The first goal is a laudable one: improve patient care by discovering the hidden trends in patient care reports. The second goal is also laudable, but more form an managerial perspective: save money on these efforts while boosting the hospital's potential to secure research grants, and moving the entire hospital closer to an automated center of care.

"Were very excited by the idea … to be able to better understand the elements of care so we can manage them more effectively," said BMC's CIO and vice president, Meg Aranow. "So this allows us to look at hundreds of thousands of patient records quickly and be able to determine what interventions and practices are yielding the best results."

After reviewing at least four data integration vendors including Ascential (owned by IBM), Dimensional Insight, Aranow and her team decided Informatica's solution would best meld with there existing infrastructure of databases (SQL, Oracle, legacy and others) as well as enable them to find the right local talent to make the project work.

Gartner's Magic Quadrant also played a role. Aranow and her team only considered companies in the upper right quadrant: the "Leaders" quadrant. In the end it was up to the CTO to make the final call.

"He made the call because of this labor force assessment we had done," said Aranow. "Informatica appealed more to the technical side and end-user usability."

It took three months of integration work on the part of Informatica and BMC's internal IT staff to link all 14 of the hospital's separate patient care databases into Informatica's PowerCenter solution.
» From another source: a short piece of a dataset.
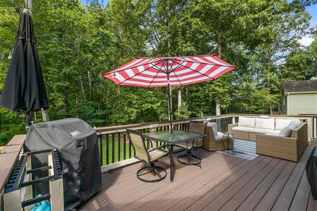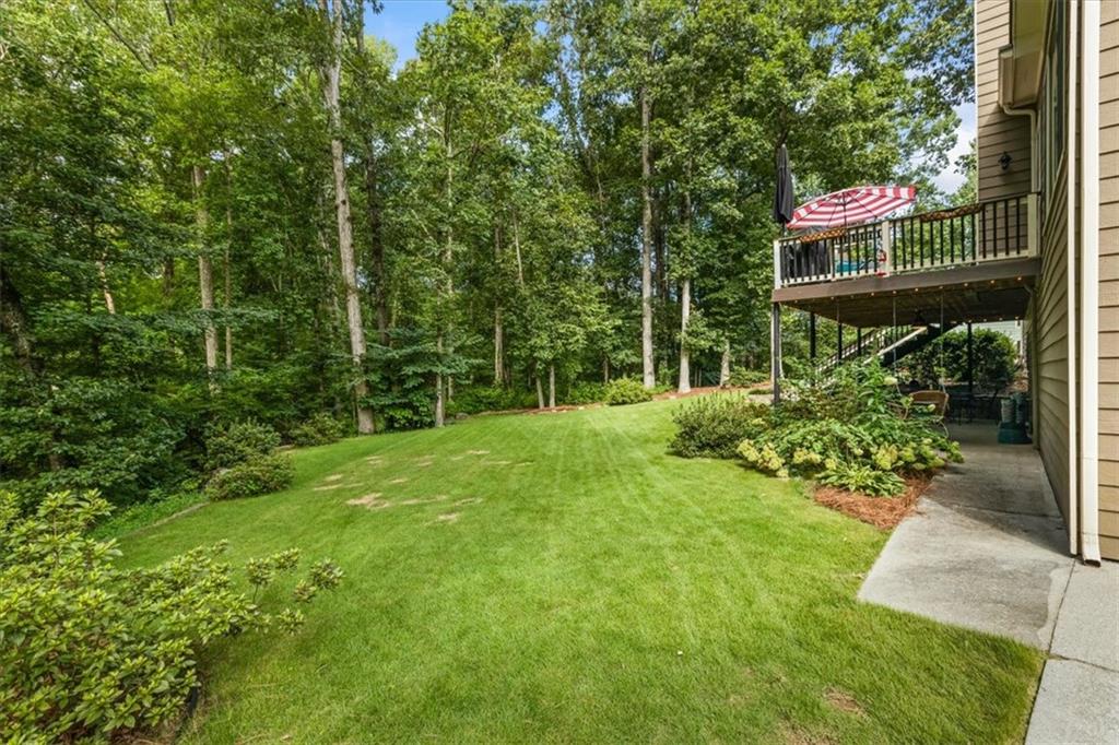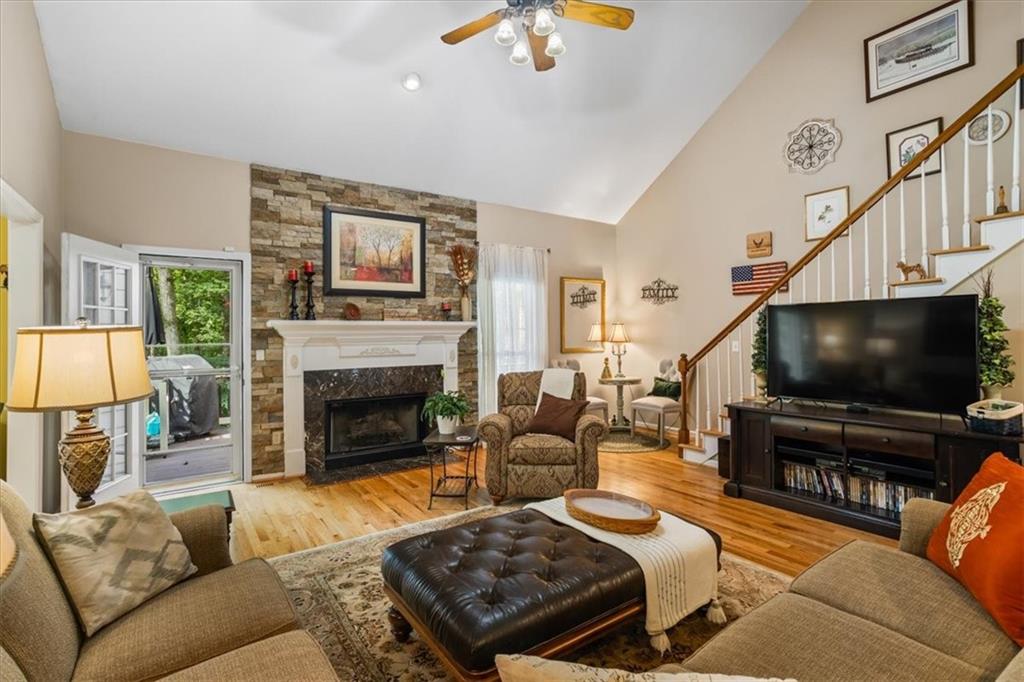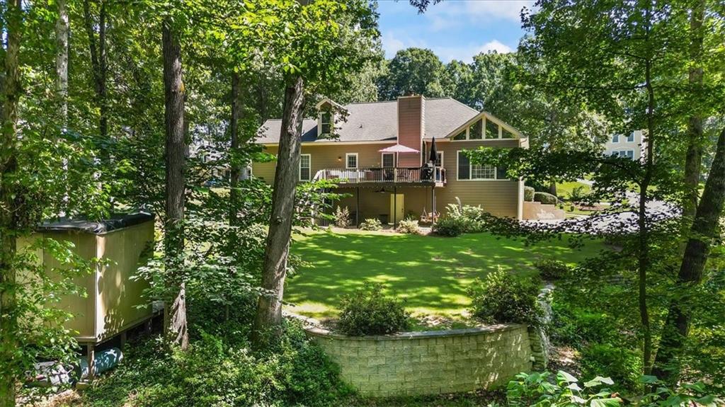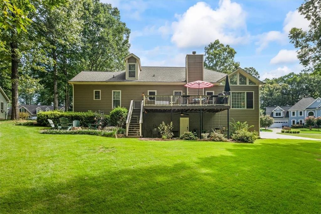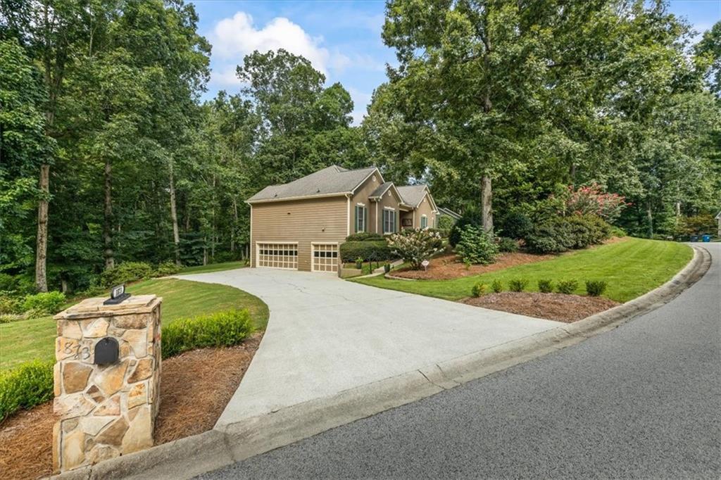 Immaculate 3 bdrm/4 bath home with bonus room. Kitchen features breakfast bar, granite countertops, and stainless steel appliances, Bosch dishwasher(2023). Separate dining room. Great room with gas logs, hardwood floors. Spacious owners suite on the main floor, features his and her walk-in closets, as well as separate shower and tub, marble countertops. Ample laundry room is equipped with electric and gas dryer connection, as well as extra storage units. The basement den is complete with refreshment area. Home features a 3 car garage. Step onto the newly painted deck overlooking a lush Zoysia backyard with creek. The terrace level patio offers a serene escape. This home is a treasure trove of versatile living and abundant storage throughout. Nestled in a swim/tennis community, enjoy the community lake, clubhouse and playground. Plus, the neighborhood boasts a swim team. Enjoy easy access to dining and shopping

And they are using reporting software from Business Objects to get the results.

"There's certainly some work to move to Informatica but one of the reasons we selected this tool is because it's one of the least invasive to our current systems," Aranow said.

The effort's one Achilles' heel may be these live systems. In October they will implement a small scale pilot to see if these patient care systems, which doctors, nurses and staff rely on to treat patients in real time, will bog down under the added weight of sending information to the PowerCenter data warehouse.

Overall, the system was not cheap costing about 15% of Aranow's capital budget and an additional $500,000 to $750,000 for six or seven new staff. But, if things work out the way they are expected to, BMC will be more automated, provide more efficient and therefore less costly patient care, save money on internal research and paper-based systems, and, hopefully, attract more research dollars.

As far as ROI goes, it wasn't something topping Aranow's list. Hospitals have a hard time showing positive ROI because of the business they are in. But with a little luck, all of the above mentioned benefits should yield positive results sooner rather than later.

"Hospitals are not necessarily stellar examples of getting hard ROI," she said.

Moving the hospital forward technologically is more important than dollars and sense right now and that is why Aranow is confident they are "doing the right thing."